Victims and Rescuers as Rivals

Reading two unrelated articles — one, Death on the CNN Curve (NYT, July 1995), about the rescue of Jessica McClure from the well she fell into in 1987 and its aftermath (which I will write more about later), the other, Two Views on Mideast Peace: A Tragic Struggle by Amos Oz (NYRoB, Sept 2010), about conflict between Israel and the Palestinians — I can’t help but notice the similarity, the two-sides-of-the-same-coin quality of the rivalry:

From the story about Jessica McClure:

“I first met Robert O’Donnell [the man who crawled down to get her] when things were starting to get ugly. The earliest, most visible sign that the euphoria was crumbling came in early spring, when the rescuers, tantalized by competing offers from movie producers, formed two rival associations. One, called the McClure Rescue Association, was made up of public employees including O’Donnell, who was the president, Steve Forbes, and the chiefs of the fire and police departments. The other, the Jessica McClure Rescuers’ Association, was made up of 37 volunteers, the ones who brought the equipment and the brute strength to the operation. Each group had its own set of bylaws, with rules about what percentage of the vote was required to admit a new member, and what percentage of any eventual profits the various members would get. Each also had its own lawyer. And each agreed on three things: that it was a shame that they had to fight like this, that their group’s story was the story and that they were interested only in the quality of the movie; it was the others, they said, who were interested only in the money.”

O’Donnell said:

“‘I hate to see it split the rescuers like this. But our story is the real story — we were the major players. I want the best movie.'”


From Oz’s article:

The Israeli-Palestinian conflict is a tragic struggle between two victims of Europe the Arabs were the victims of imperialism, colonialism, repression, and humiliation. The Jews were the victims of discrimination, persecution, and finally of a genocide without parallel in history. On the face of it, two victims, especially two victims of the same oppressor, should become brothers. But the truth, both when it comes to individuals and when it comes to countries, is that some of the worst fights break out between two victims of the same oppressor. The two sons of an abusive father will each see in his brother the face of his cruel father. And this is the case with the Jews and the Arabs — each of us sees the other in the image of the former oppressor. The Arabs look at Jewish Israel and do not see it as it really is — a half-hysterical refugee camp. Instead, they see it as the long, arrogant, oppressive, and exploitative arm of European colonialism. We Jews look at the Arabs and instead of seeing them as our fellow sufferers, we see the persecutors of our past — the Cossacks, the antisemites. Nazis who grew moustaches and got suntanned, but who are still eager to slaughter us.”

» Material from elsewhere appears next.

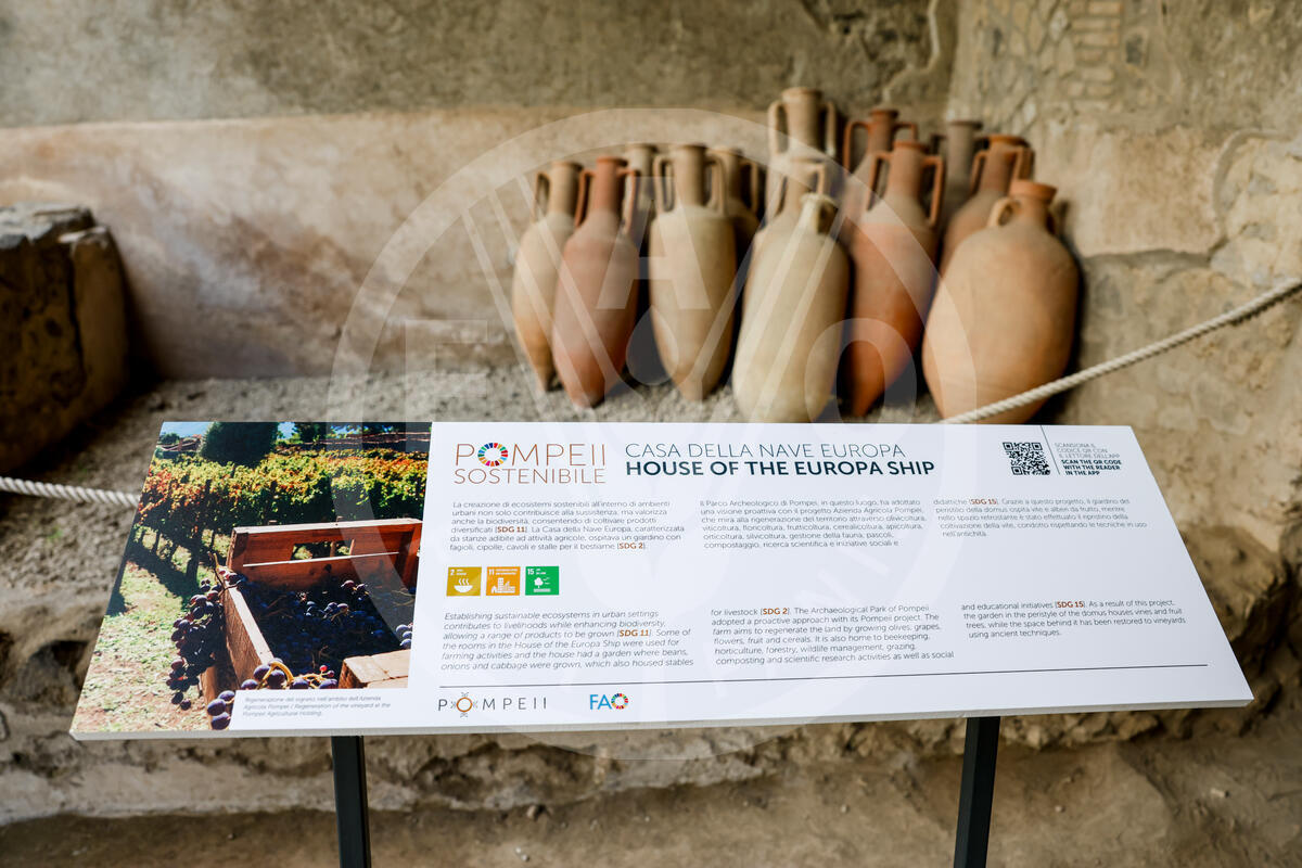 15 May 2025. Pompeii, Italy. A totem installed in Pompeii site, built as part of the “Sustainable Pompeii” project, created by FAO in collaboration with the Archaeological Park of Pompeii and the Italian Ministry of Foreign Affairs and International Cooperation (MAECI).
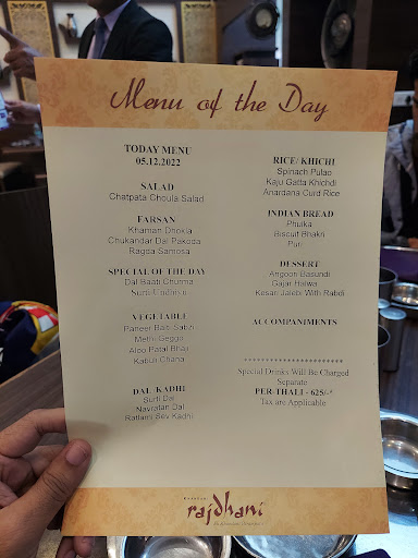 Read moreBe aware if going to Rajdhani in Meenakshi mall. They are running a promotion that offers thali on every tuesday @ Rs. 349 + taxes (regular price is Rs. 649 + taxes). Having had the not so delicious thali (just an average one, A2B or Nagarjuna thalis are way better than this) we were presented with the bill that appeared to be savory instead of a mouth watering dessert. The bill was with regular price of Rs. 649 + taxes. When asked they politely stated the offer is not applicable on public holiday, not sure what public holiday it was on 14th November though! Typical rajdhani style of cheating customers. While Diwali lights were trying to bring radiance of happiness among people, rajdhani was trying to spread agony among it's customers. Most of the people were not really happy there and many of them bursted into anger as crackers were not permitted inside! First of all 14-11 is not a public holiday. Secondly they are not suppose to display the promotional offers on the day it is...

In both cases, each side sees the other as wrong and themselves as right; each makes the same accusation against the other that the other makes against them.  In both cases, the two groups are groups of similars: all rescuers of the same girl in the first case, and all victims of the same perceived oppressor in the second. The opposing sides are twins of a sort, “brothers” as Oz calls them, and their similarity and lack of differentiation is the very thing, according to Rene Girard, that makes them antagonistic to the other. In Violence and the Sacred, Girard writes:

“The unity and reciprocity that the enemy brothers have rejected in the benign form of brotherly love finally impose themselves, both from without and within, in the form of monstrous duality. … In the collective experience of the monstrous double the differences are not eliminated, but muddied and confused. All the doubles are interchangeable, although their basic similarity is never formally acknowledged.  … The  monstrous double is … to be found wherever we encounter an ‘I’ and an ‘Other’ caught up in a constant interchange of differences.”